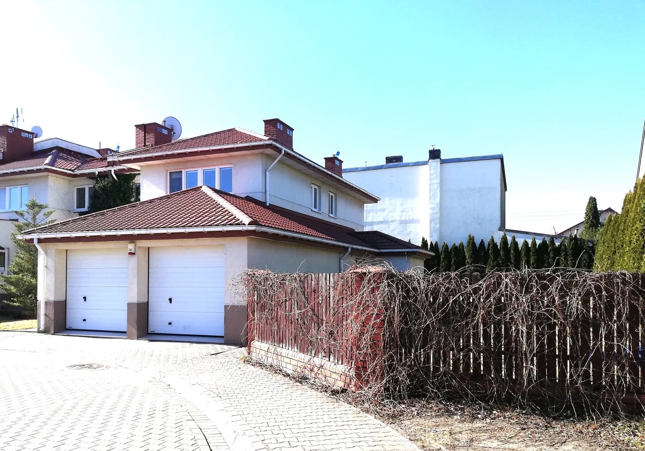 Dom w zabudowie szeregowej, skrajny segment. otoczony dużą działką w kształcie litery L.
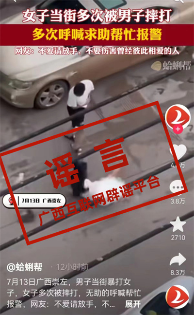 7月13日,某短視頻平臺出現(xiàn)一段視頻配文稱“7月13日廣西崇左,男子當(dāng)街暴打女子,女子多次被摔打,無助的呼喊幫忙報警”,視頻內(nèi)容顯示一名男子當(dāng)街腳踹毆打女子,女子呼喊“幫我報警謝謝”。
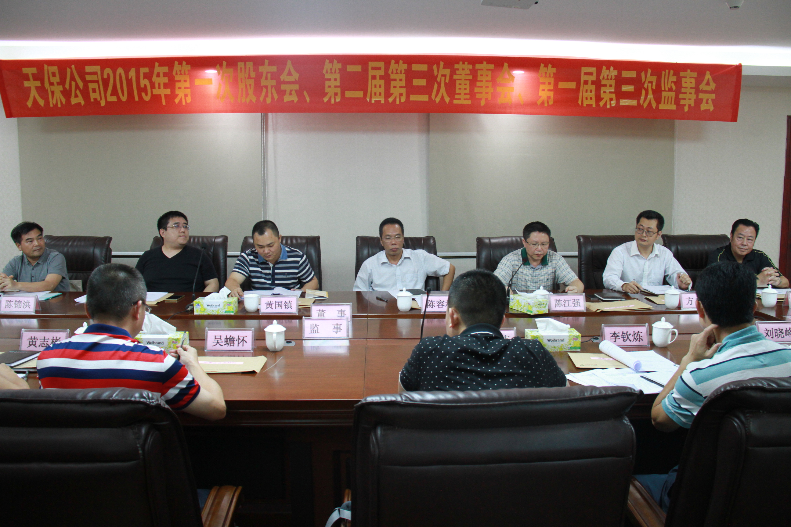 2015年9月23日下午,天保公司召开2015年第一次股东会,并同时套开第二届第三次董事会、第一届第三次监事会。省社党组成员、理事会副主任陈容秋、各股东代表、董事会成员、监事会成员、公司高管和法律顾问参加了会议。
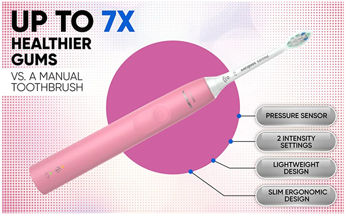 Pressure Sensor helps protect your teeth and gums - Built-in pressure sensor automatically detects pressure you apply, warns you, and reduces the toothbrush vibrations automatically to help protect your gums. The toothbrush will make a pulsing sound as a reminder to ease off the pressure. 7 out of 10 people found this feature helped them become better brushers.
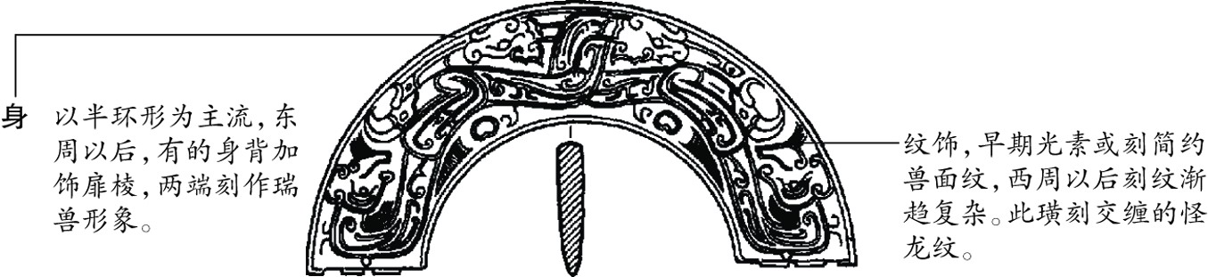 玉璜(西周晚期。山西侯马北赵晋侯墓63号墓出土。) 玉璜 玉璜先秦玉器。1973年在陕西凤翔县石家营乡豆腐村姚家岗一先秦宫殿遗址中发现。共十一件。纹饰多为回纹,两端钻孔。长4~4.8厘米,宽0.9~1.7厘米, 厚0.3~0.4厘米。 ☚ 高家堡周墓玉器 素面玉玦 ☛ 玉璜扁平弧形玉器。弧度与1/2或1/3个璧、环相当。楚玉璜主要有两种形制:(1)弧形,两端齐平;(2)兽首形,两端琢成兽首或龙首。器身或素面,或有涡纹、云纹、谷纹。璜形仿自然之虹。为佩饰与礼仪用器。《周礼·春官·大宗伯》:“以玄璜礼北方。”北方五行属水,虹之形成亦与水汽有关。 |
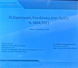 During the seminar, Chara Zerva and Dr. Dimitra Anagnostopoulou delivered a comprehensive overview of the regulatory framework governing strategic investments, reflecting the most recent legislative amendments and case law developments. Through the valuable experience they have gained from advising and managing complex investment schemes, they provided participants with meaningful guidance on how to address legal and procedural challenges in practice.
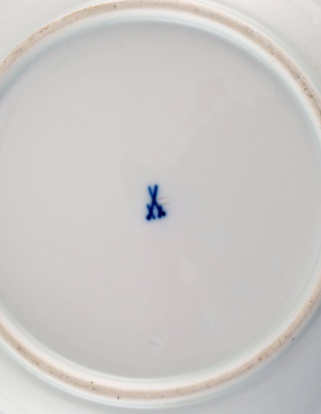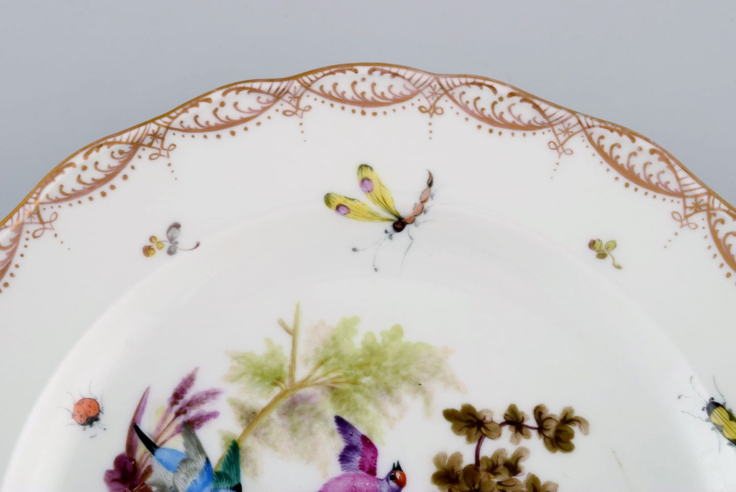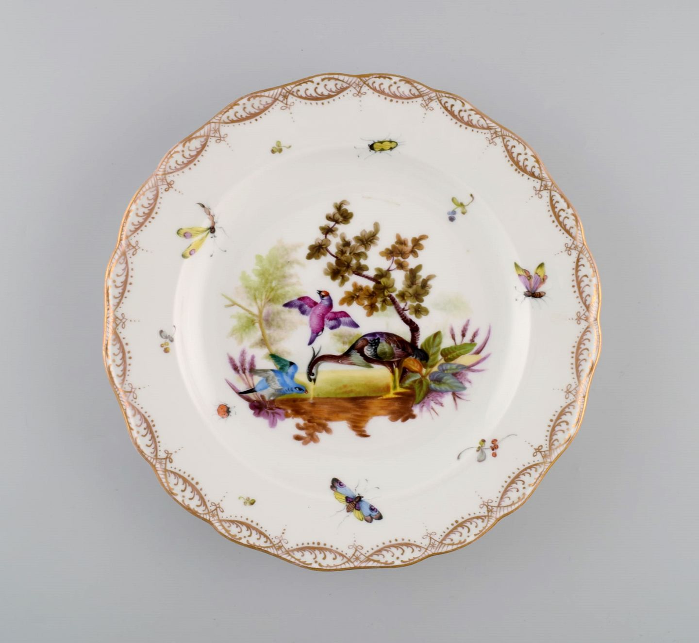 Antique and rare Meissen porcelain plate with hand-painted birds, insects and gold decoration. 19th century.
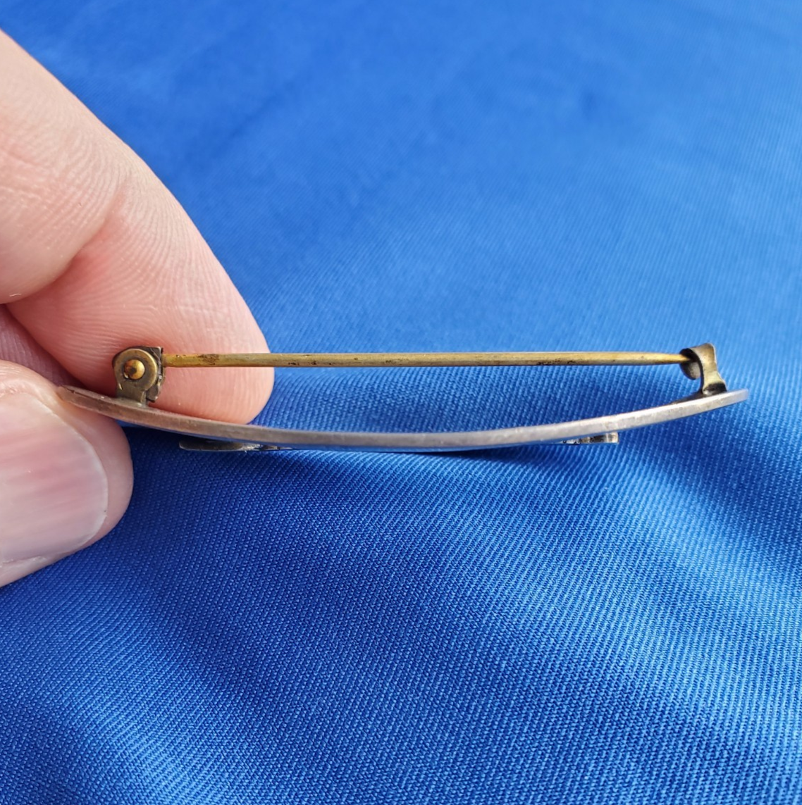 Art Deco Guilloche Enamel Brooch 925 Sterling Silver Vintage Hand made Pin

## ASSIGNMENT
The pictures should be dropped, and every line above should be set down again exactly.

## FINAL ANSWER
 Dom w zabudowie szeregowej, skrajny segment. otoczony dużą działką w kształcie litery L.
 7月13日,某短視頻平臺出現(xiàn)一段視頻配文稱“7月13日廣西崇左,男子當(dāng)街暴打女子,女子多次被摔打,無助的呼喊幫忙報警”,視頻內(nèi)容顯示一名男子當(dāng)街腳踹毆打女子,女子呼喊“幫我報警謝謝”。
 2015年9月23日下午,天保公司召开2015年第一次股东会,并同时套开第二届第三次董事会、第一届第三次监事会。省社党组成员、理事会副主任陈容秋、各股东代表、董事会成员、监事会成员、公司高管和法律顾问参加了会议。
 Pressure Sensor helps protect your teeth and gums - Built-in pressure sensor automatically detects pressure you apply, warns you, and reduces the toothbrush vibrations automatically to help protect your gums. The toothbrush will make a pulsing sound as a reminder to ease off the pressure. 7 out of 10 people found this feature helped them become better brushers.
 玉璜(西周晚期。山西侯马北赵晋侯墓63号墓出土。) 玉璜 玉璜先秦玉器。1973年在陕西凤翔县石家营乡豆腐村姚家岗一先秦宫殿遗址中发现。共十一件。纹饰多为回纹,两端钻孔。长4~4.8厘米,宽0.9~1.7厘米, 厚0.3~0.4厘米。 ☚ 高家堡周墓玉器 素面玉玦 ☛ 玉璜扁平弧形玉器。弧度与1/2或1/3个璧、环相当。楚玉璜主要有两种形制:(1)弧形,两端齐平;(2)兽首形,两端琢成兽首或龙首。器身或素面,或有涡纹、云纹、谷纹。璜形仿自然之虹。为佩饰与礼仪用器。《周礼·春官·大宗伯》:“以玄璜礼北方。”北方五行属水,虹之形成亦与水汽有关。 |
 During the seminar, Chara Zerva and Dr. Dimitra Anagnostopoulou delivered a comprehensive overview of the regulatory framework governing strategic investments, reflecting the most recent legislative amendments and case law developments. Through the valuable experience they have gained from advising and managing complex investment schemes, they provided participants with meaningful guidance on how to address legal and procedural challenges in practice.
 Antique and rare Meissen porcelain plate with hand-painted birds, insects and gold decoration. 19th century.
 Art Deco Guilloche Enamel Brooch 925 Sterling Silver Vintage Hand made Pin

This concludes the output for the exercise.